Погода была свежая, и уже на пути к кораблям мой белоснежный костюм я был одет по форме № 1 — изрядно пострадал от брызг. Еще больше я промок, когда на волне ловил штормтрап — тонкую веревочную лестницу и по ней взбирался на высоченный борт океанской яхты. Поднявшись на палубу, я от имени командующего флотом поздравил командира отряда с прибытием и указал на карте место, отведенное для стоянки кораблей. Турецкий офицер, разглядев мои командирские нашивки, долго извинялся, что заставил меня подниматься по штормтрапу, объясняя свой промах тем, что они ожидали лоцмана, а не представителя командующего флотом.

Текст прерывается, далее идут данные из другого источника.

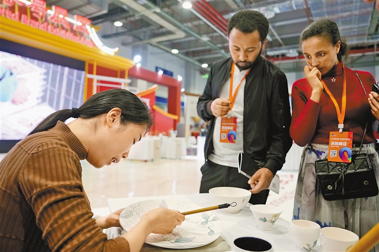 图为4月27日,参展商(左)在活动现场给瓷器上色。 新华社记者 薛宇舸 摄
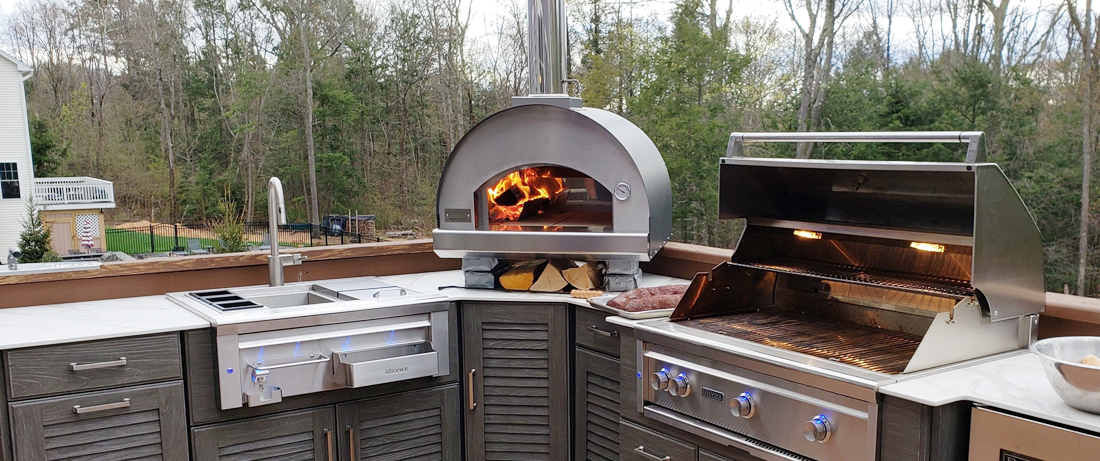 Just like there are many grills, refrigerators & beverage configurations there are many styles of pizza ovens to choose from suggesting you hand off the project design, specification product list and build to an Outdoor Kitchen specialist.
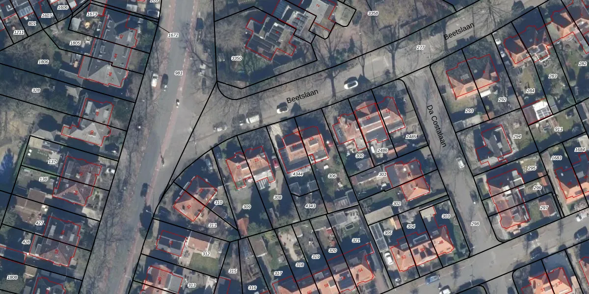 Het perceel waarop Beetslaan 21 staat heeft een oppervlakte van 254 m². Dit is een middelgroot perceel. De perceeloppervlakte wordt geregistreerd door het Kadaster. Gedetailleerde informatie over de maten van dit perceel kunt u vinden in het rapport Kadastrale kaart met maatvoering van Beetslaan 21.
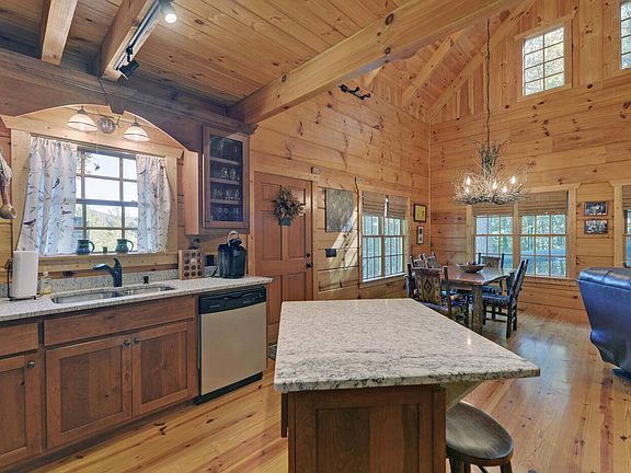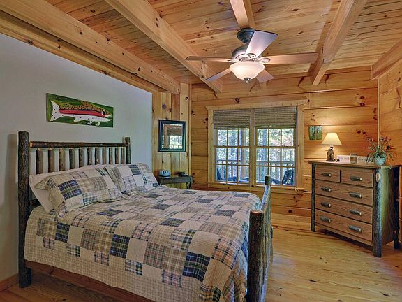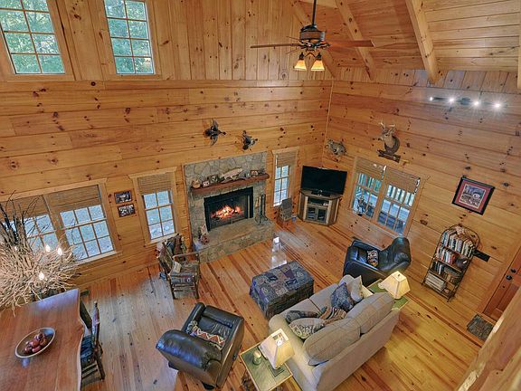 Custom cabin in the big woods adjacent to the Chattahoochee National Forest with ultimate privacy! This custom, true log cabin is nestled on 6.5 gorgeous acres adjoining the National Forest and Coopers Creek Wildlife Management Area. Ultimate end of the road privacy with stunning mountain views. Large front porch welcomes you into this mostly furnished well-built home. You will know you have found paradise when you see the wood burning stone fireplace in the bright and cheerful living area with soaring cathedral wood ceilings with exposed pine beams and windows. Beautiful, pine floors throughout home, granite counters, stainless appliances. Master bedroom on main, upstairs bedroom +loft and an additional bird's nest loft. Dining room door opens onto spacious deck with pergola which steps down onto a flagstone area with a wood burning stone outdoor fireplace to enjoy the best views and cool mountain air. Detached, one car garage for all of your mountain toys. These 6.5 acres include 3 additional building lots with electric/telephone/water available. Only minutes to public fishing waters of Coopers Creek and Toccoa River and miles of pristine hiking trails. A scenic drive into the nearby towns of Blue Ridge and Blairsville for dining and shopping. One of a kind!
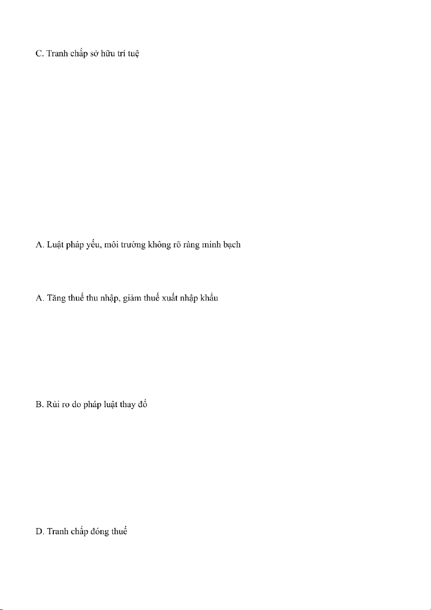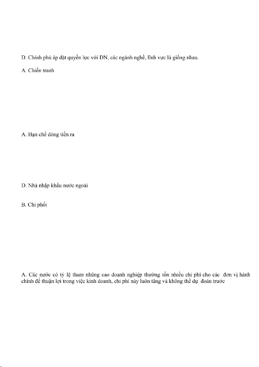 Câu 21: Rủi ro chính trị xảy ra do: Chiến tranh
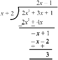 Note that we stop the division process when either the remainder is zero or its degree is less than the degree of the divisor. So, here the quotient is 2x – 1 and the remainder is 3. Also, (2x – 1)(x + 2) + 3 = 2x2 + 3x – 2 + 3 = 2x2 + 3x + 1 i.e., 2x2 + 3x + 1 = (x + 2)(2x – 1) + 3
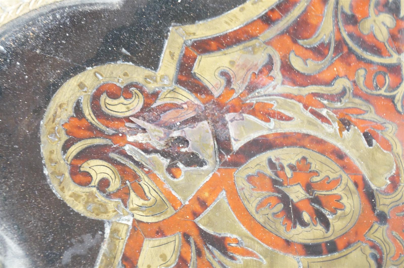 Belle table de milieu de forme violonée en marqueterie dans le goût de Boulle, quatre pieds galbés, chutes ornées de bustes féminins en bronze doré, un tiroir en ceinture, plateau à riche décor de marqueterie protégé par un verre. Epoque Napoléon III, H. 76 cm., 130 x 74 cm. (sans clé, accidents).

Приехавшая к тому времени в Севастополь королевская чета разместилась на яхте. На меня возложили роль офицера связи при королеве Сарайе. Обязанности мои были несложные, но достаточно нудные. Являлся я на яхту к подъему флага. Королева, конечно, еще спала. Приходилось без дела торчать на палубе. Часов в десять королева приглашала меня к завтраку. Мне подавали солидную рюмку коньяка и две галеты. Видимо, предполагалось,
[108]
что я уже где-то завтракал. Оставалось лишь с тоской вспоминать кают-компанию крейсера. Весь день королева сидела на палубе в шезлонге, рассматривала в бинокль город и заставляла меня рассказывать о всех памятниках и старинных сооружениях, которые попадались ей на глаза. Королева прекрасно говорила по-французски, я очень плохо, но мы все же понимали друг друга, хотя она иногда от души смеялась над моим произношением. Это была красивая, очень изящная и умная женщина, но все время пребывать при ее особе было, однако, тяжким бременем.

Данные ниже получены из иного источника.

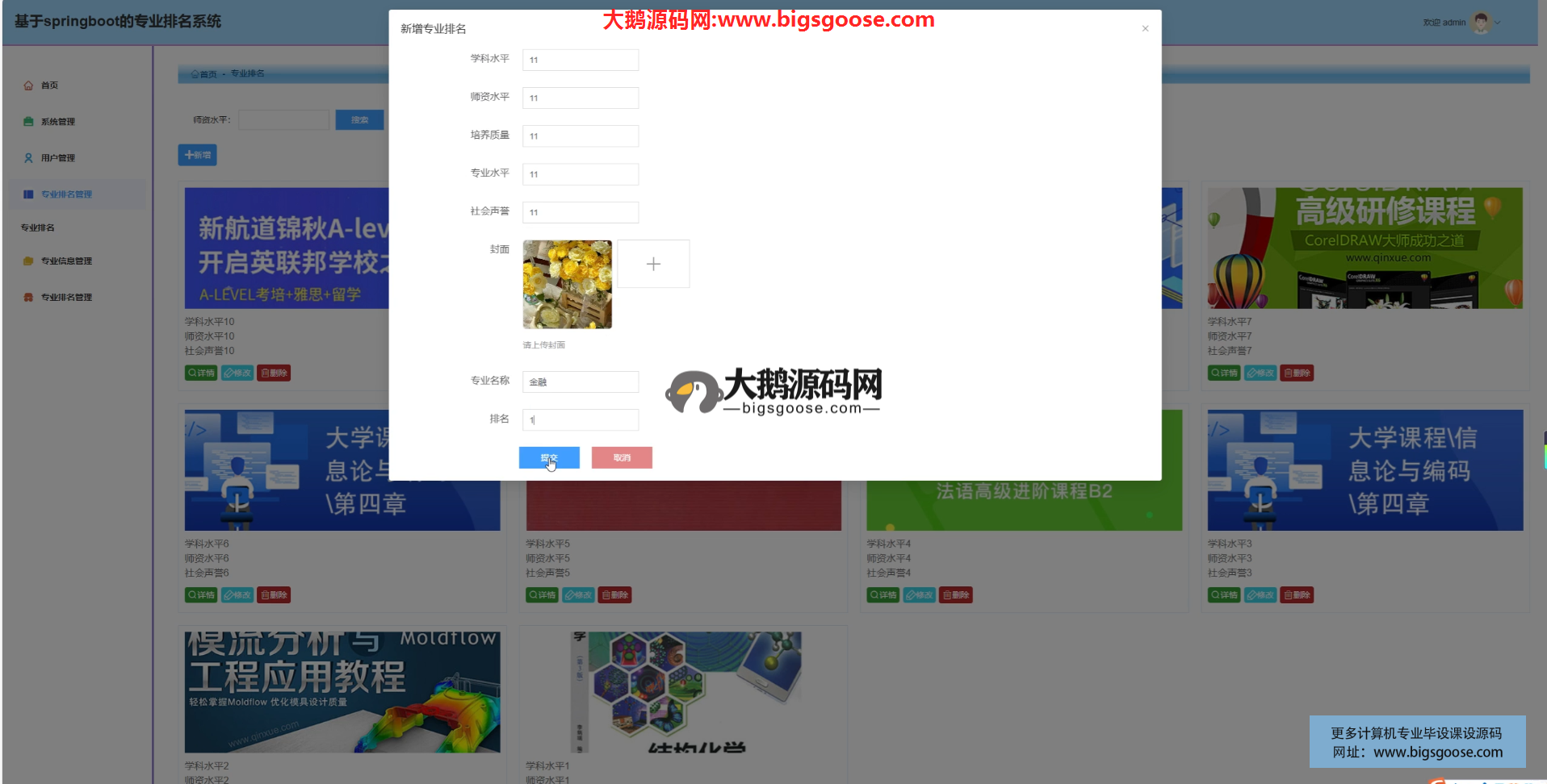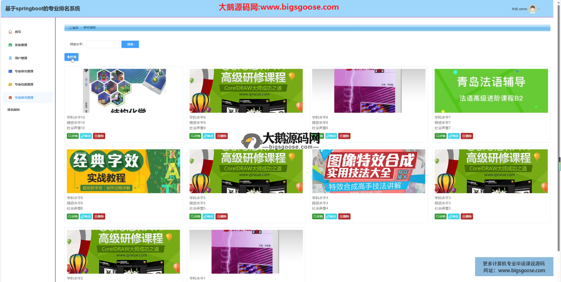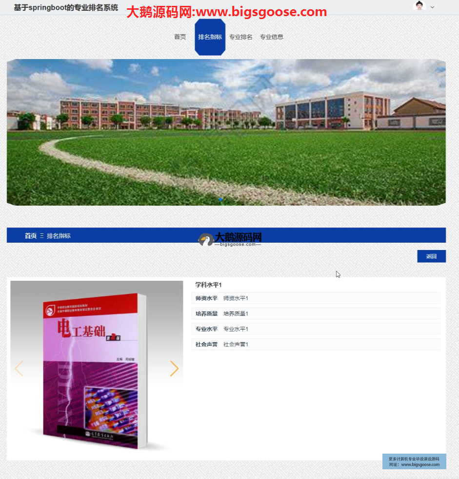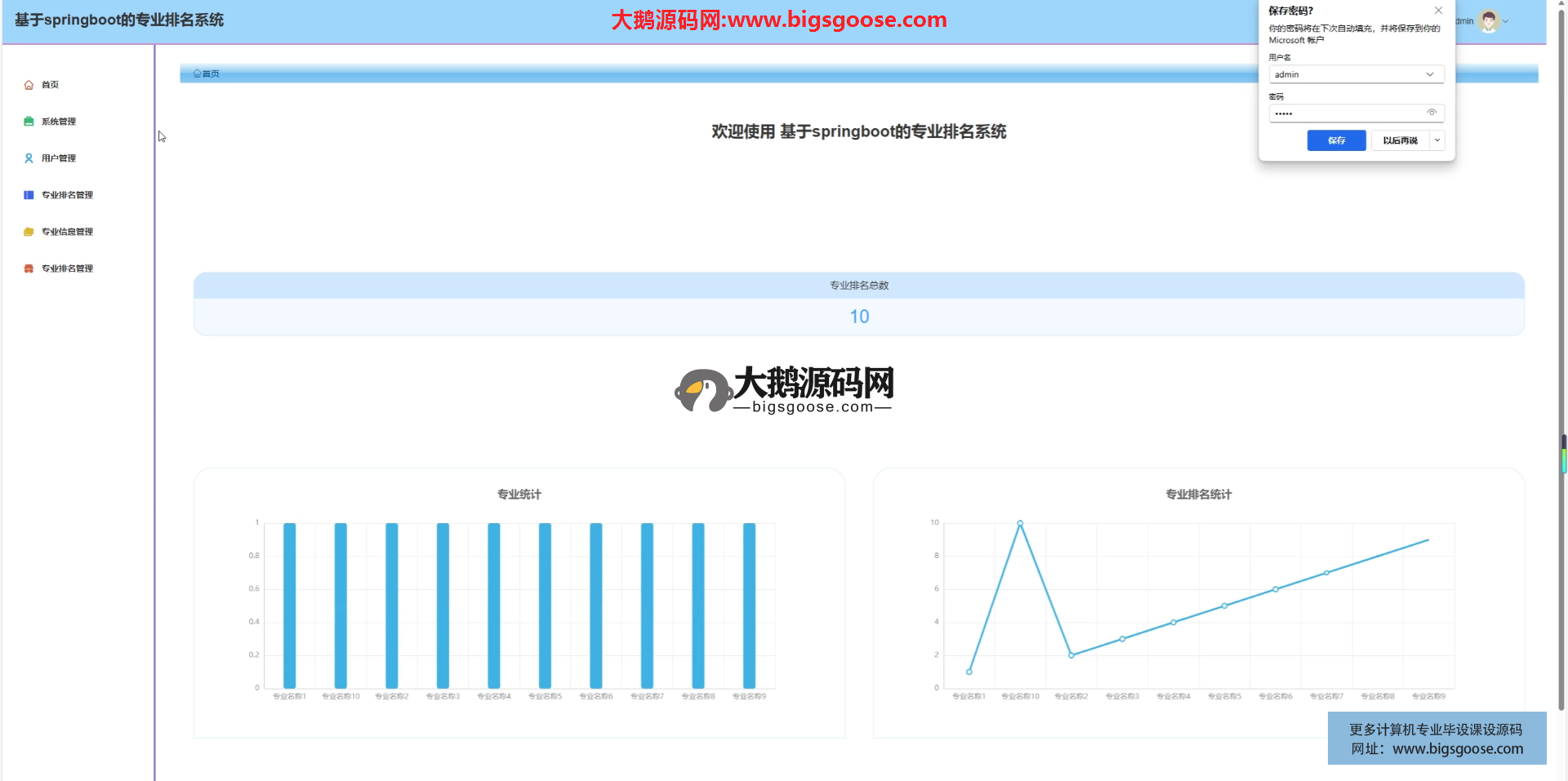 “专业排名系统”聚焦高校学科竞争力,为学生提供透明、多维的排名查询与个人定位;管理员后台维护指标、专业与用户权限,实现数据驱动、实时更新的专业评价体系。

В двадцатых числах мая яхта «Измир» под гром орудийного салюта покинула Севастополь. Наши летчики, сопровождавшие яхту в качестве почетного эскорта, очень эффектно сбросили на корму, где находился Аманула-хан и вся его свита, два большущих букета живых цветов. Мы долго потом восхищались: молодцы летчики, умеют бомбить корабли.

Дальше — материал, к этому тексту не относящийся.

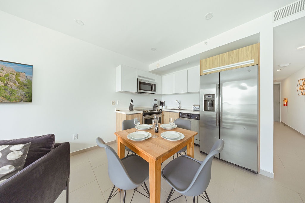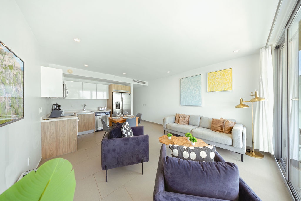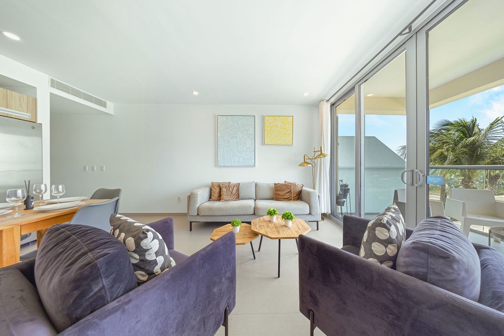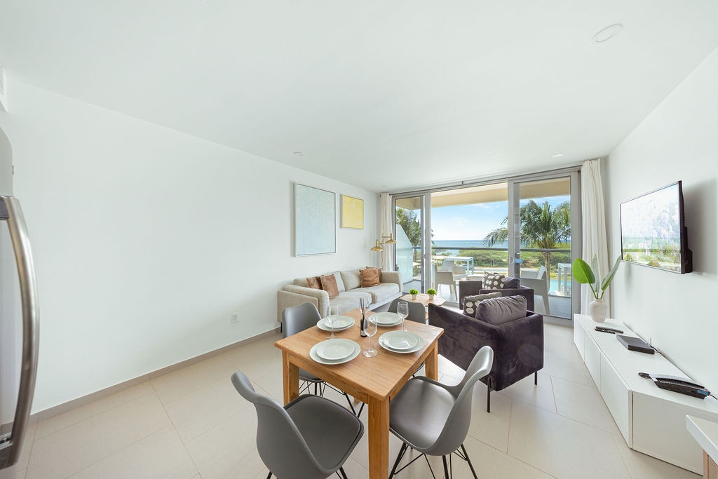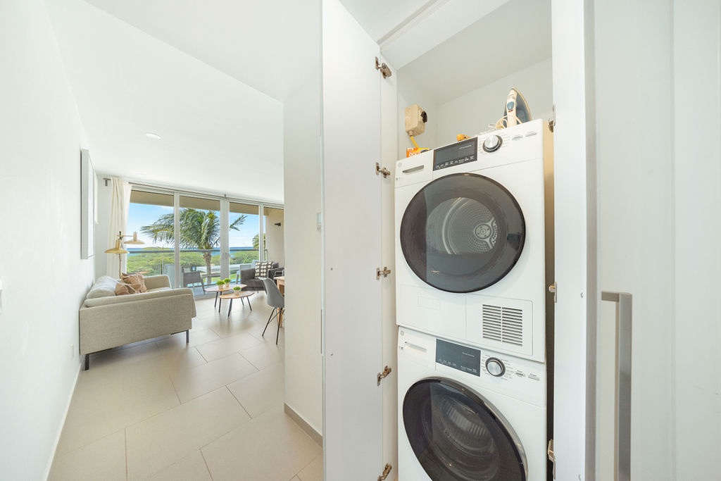 Enjoy the convenience of a private washer and dryer, high-speed Wi-Fi, and air conditioning throughout the apartment. The balcony is the perfect spot to sip your morning coffee while taking in the breathtaking views of the Caribbean Sea.
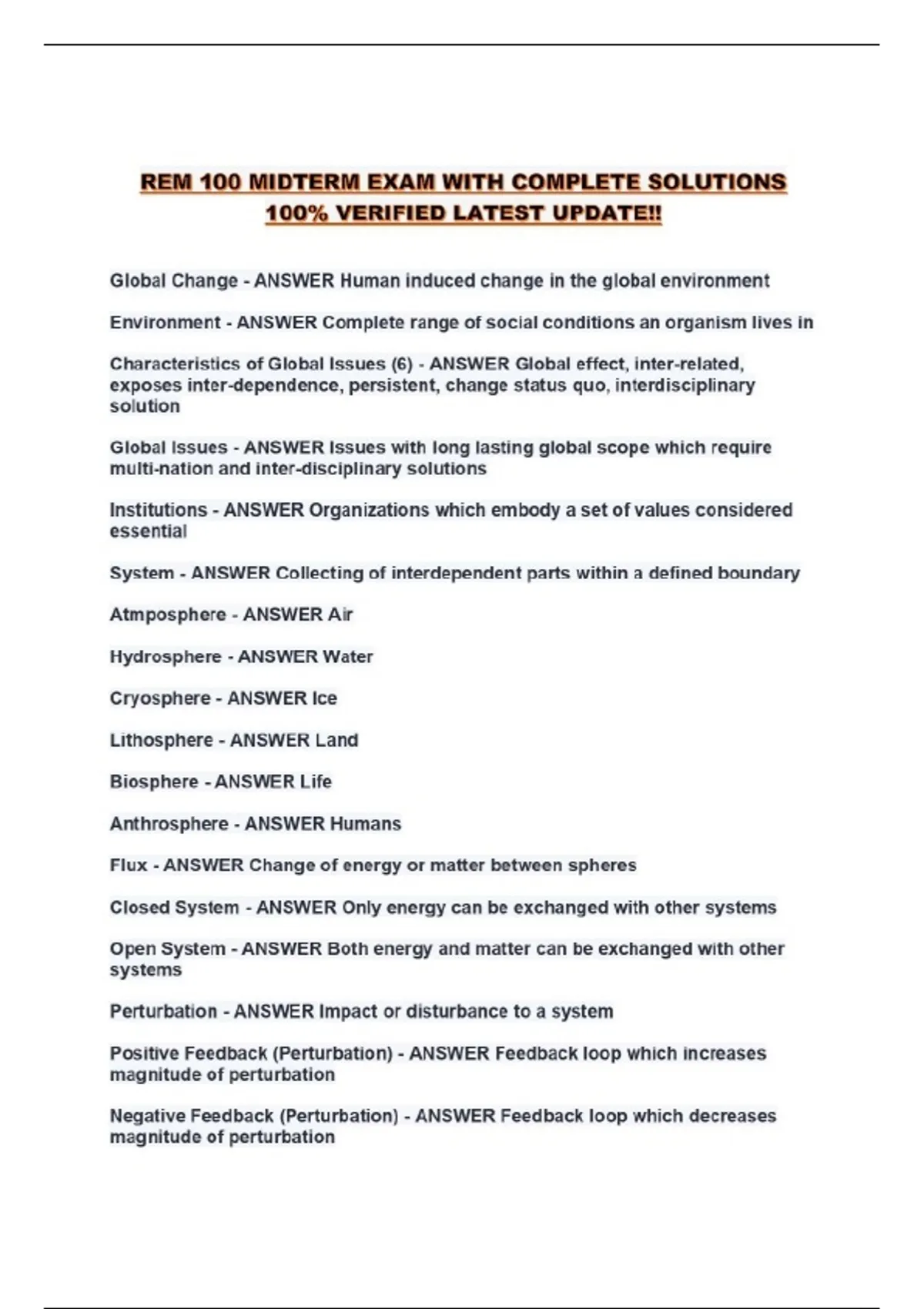 REM 100 MIDTERM EXAM WITH COMPLETE SOLUTIONS 100% VERIFIED LATEST UPDATE!!...

Вслед за «Измиром» в Турцию должны были направиться «Червона Украина» и три наших эсминца. При подготовке к походу в Стамбул возникла неожиданная проблема. С нами собирались идти некоторые большие флотские начальники. Показалось неудобным, что на одном крейсере вдруг окажется так много высоких чинов. Было принято решение: всем, кроме командующего флотом и еще нескольких официальных лиц, сменить знаки различия. Так некоторые флагманы (по-современному адмиралы) оказались вдруг значительно ниже по служебной категории. Поскольку предполагалось, что многие из нас в Стамбуле будут приглашаться на разные приемы, нам объявили, как звучат турецкие чины, соответствующие нашим. Я, таким образом, приравнивался к турецкому юзбаши. «Разжалованные» начальники со смущением поглядывали на свои новые нашивки. Но оказалось, что и те нашивки, которые оставались у нас на рукавах, удивили турок. Во время банкета на старом турецком крейсере «Гамидие» я оказался рядом с пожилым стамбульским чиновником. Хотя и с большим трудом, но мы нашли с ним общий язык. Мой собеседник загляделся на золотые нашивки сидевших неподалеку от нас Орлова и Окунева.